Access Tokens expire after some time for security reasons. Here’s how the system keeps your session active without asking you to log in again:

When the Access Token expires, the FE sends the Refresh Token to the SSO Provider to request a new Access Token.
The SSO Provider sends back both a new Access Token and a new Refresh Token.
This process happens in the background, so you remain logged in seamlessly.

What Went Wrong

The issues stemmed from the Refresh Token flow, which is designed to keep users logged in. Here’s what went wrong:

SSO Overload:
- The SSO server was overwhelmed by a sudden surge in requests, primarily from users loading and refreshing the Event and checkout pages.
- It couldn’t handle all the requests and stopped responding properly.
Automatic Retrying:
- When the FE didn’t receive a response from the SSO, it retried the request automatically.
- This created a vicious cycle where failed requests kept adding more load to the already struggling SSO.
Token Invalidation:
- The SSO Provider started invalidating Refresh Tokens prematurely, which added another layer of issues.
- The FE unknowingly sent invalid Refresh Tokens in its retries, worsening the loop.

What We Learned

Here are the key takeaways to prevent such issues in the future:

Prioritize Scalability: Scaling up our systems were done manually, which can be overwhelming on a platform with highly-variable demand like Community. Investing in better infrastructure could help with easier scaling.
Improve Load Testing: While we have done some form of load testing before important events, there are parts where our load testing process could be improved to better replicate actual page load.
Longer-Lived Tokens: The access tokens were short-lived due to the immediate nature of our transactions. In our case, a little more leeway to when sessions expire will help reduce the load on our SSO provider.
Isolate High-Demand Services: Decoupling the Load Balancer for BE and SSO services ensured they didn’t compete for resources under high load, preventing cascading issues should one critical service fail.
Enhance Logging and Monitoring: We managed to catch our issues through request logs. Opening up access to our logging and monitoring tools to the rest of the tech team could help in early issue detection.

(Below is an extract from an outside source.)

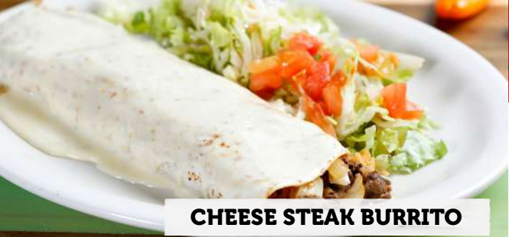
CHEESE STEAK BURRITO

As we are wrapping up with the investigation and resolution from our systems, we want to instill the highest confidence on our attendees. We wanted to ensure that the system would be able to handle crush loads again in a controlled manner.

This is why we have decided to postpone the Pioneer and Guardian event passes to 11 January 2025, and in two batches, so we can monitor the behavior and ensure nothing else happens.

Going forward, our registration team will evaluate how best to release our coveted higher tier passes, in conjunction with the availability of our system.